In 1934 (Showa 9), the Tosa-Yoshino River Hydroelectric Company was renamed the Central Shikoku Electric Power Company, and from 1937 (Showa 12) work started on the Ōhashi Dam. Engineers who took part in the Pujon River Dam on the Korean Peninsula and the construction of the Senzu Dam of the Ōi River drainage system in Shizuoka Prefecture were invited to the construction to study the concrete mix. The results of the geological survey were to confirm that rock suitable for concrete aggregate could not be collected from around the dam's construction site. Therefore, an overhead freight-carrying cable was built to Shougase (勝賀瀬) in the Niyodo River Basin, 22 km to the south and, rock was collected to and brought from there. The Ōhashi Dam was completed in 1939 (Showa 14). In the same year, Ōhashi Power Station, using water from the Ōhashi Dam, started production (at that time 5.3 MW).

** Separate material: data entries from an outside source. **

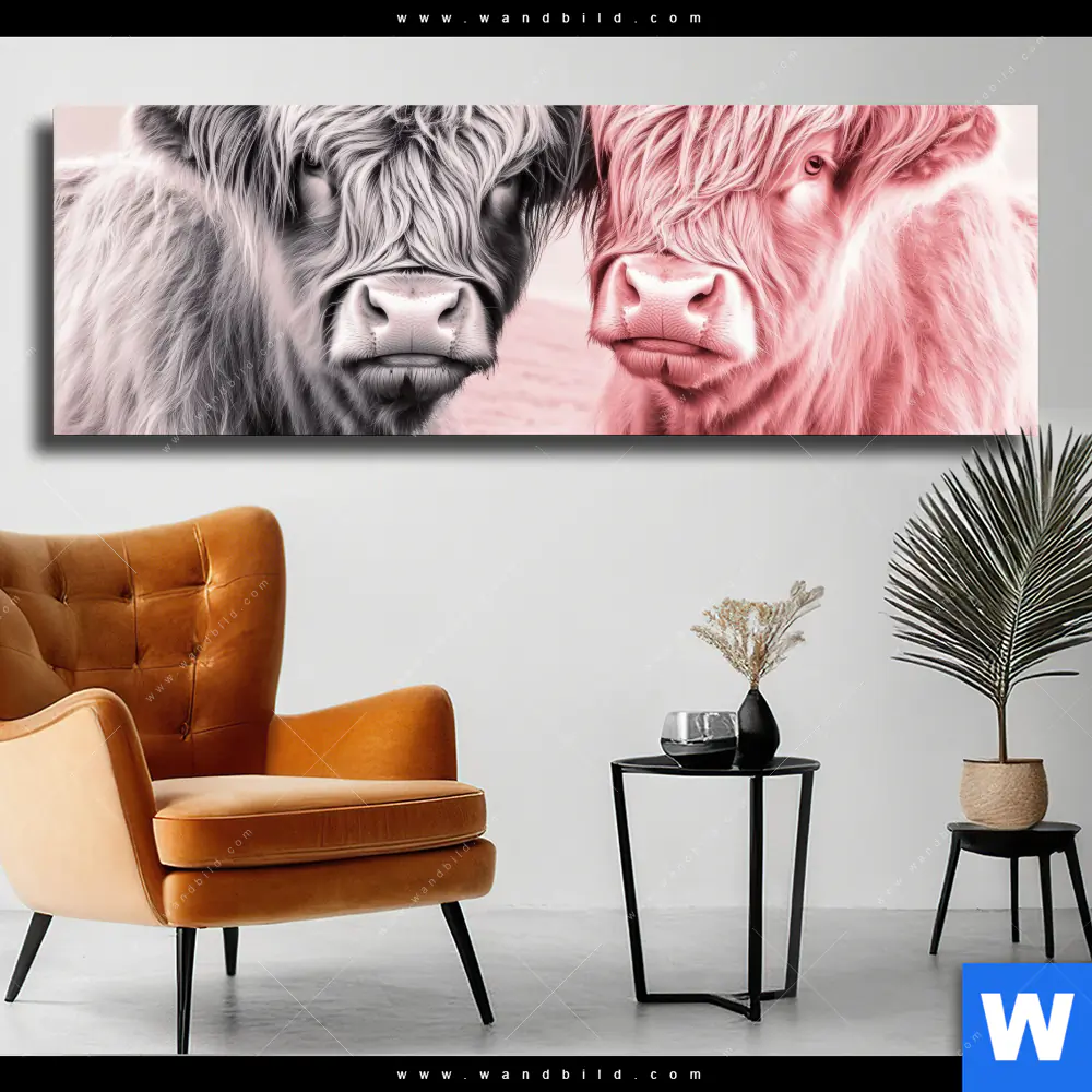 Leinwandbild | Hochlandrinder - Harmonie in Pastell | Panorama
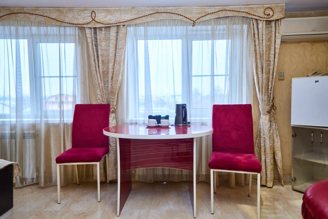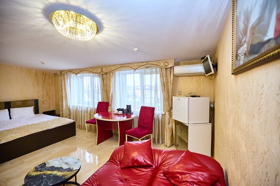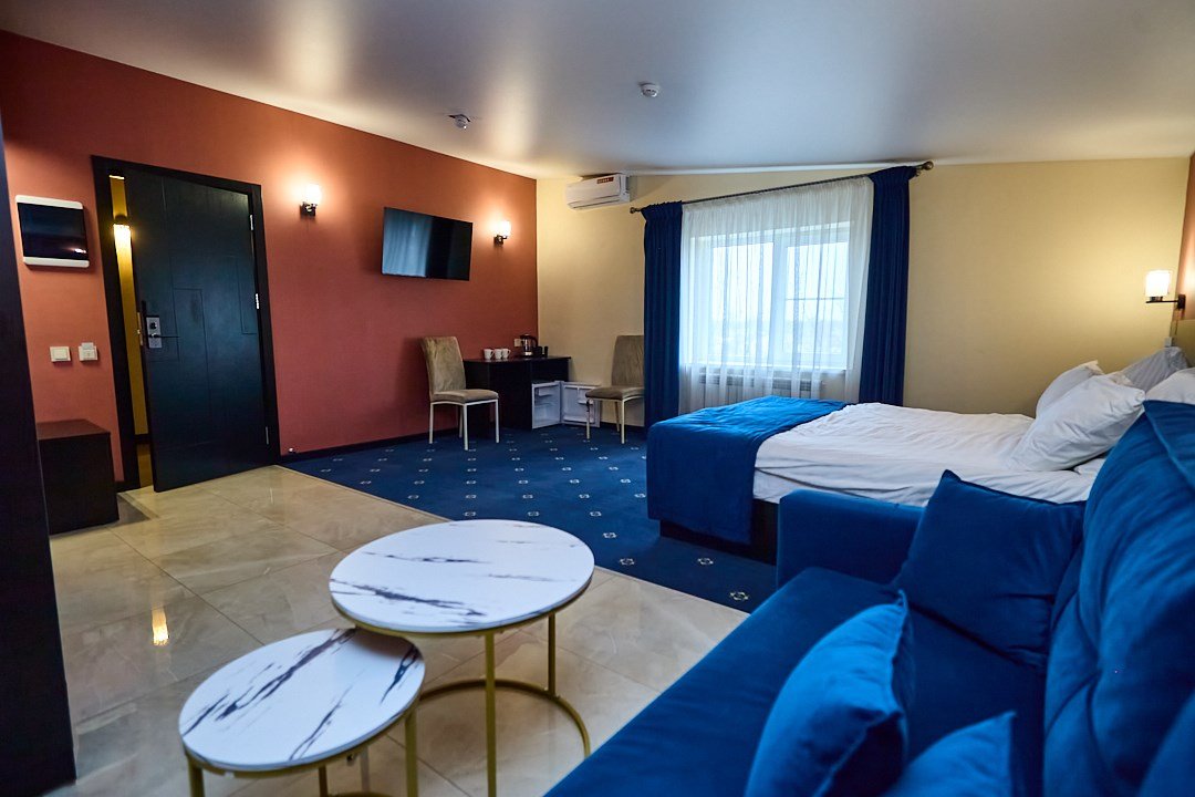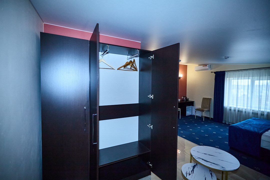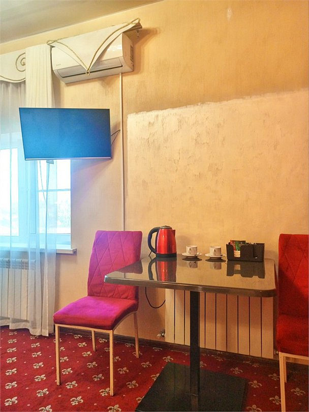 кабельное телевидение, Wi-Fi, кондиционер, светильник, настольные лампы, фен, утюг, ванная комната, душевая кабина, халаты, банные полотенца, тапочки, гигиенические средства, косметические средства, двуспальная кровать, полутораспальная кровать, тумбы, стулья, шкаф для одежды, вешалки, обеденный стол, зеркало, две комнаты, чайный набор, набор посуды, чайник, унитаз, отопление, вид на город, кулер на этаже, вид во двор, кофейный столик, туалетные средства, туалет, сушилка для белья, цифровое тв, внутренний телефон, телевизор с плоским экраном, мини-холодильник, гостиничная парфюмерияВ гостиничном номере
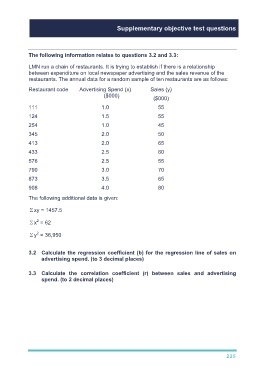 LMN run a chain of restaurants. It is trying to establish if there is a relationship

After that, Central Shikoku Electric Power Company, went ahead with the construction of a diversion canal from up stream of the Ōhashi Dam to the Niyodo River. In 1940 (Showa 15) the First Diverted Water Power Station (26.6 MW), and in 1941 (Showa 16) the Second Diverted Water Power Station (7.8 MW), and Third Diverted Water Power Stations (10.9 MW) started operation. However, in the meantime, the Japanese government had an eye on the state control of the electric utilities, and steadily advanced preparations for the establishment of the Japan Electric Generation and Transmission Company (日本発送電株式会社, Nippon Hassoden kabushiki-kaisha) in 1939. The Central Shikoku Electric Power Company financed many hydroelectric power stations such as starting the Ōhashi Dam and Diverted Water System Power Stations, the Japan Electric Generation and Transmission Company, and the Shikoku Electric Distribution Co. (四国配電, Shikokuhaiden) with electric distribution companies established under similar state control. In 1943 (Showa 18) it changed its name to the present Sumitomo Group of electric power companies. Japan Electric Generation and Transmission Company took over the development of the improving Central Shikoku Electric Power Company. In 1949 (Showa 24), upstream of Ōhashi Dam, as well as Nagasawa Dam (5.2 MW), in 1950 (Showa 25) at the water diversion's lowest point the Fourth Diverted Water Power Station (8.1 MW) was completed.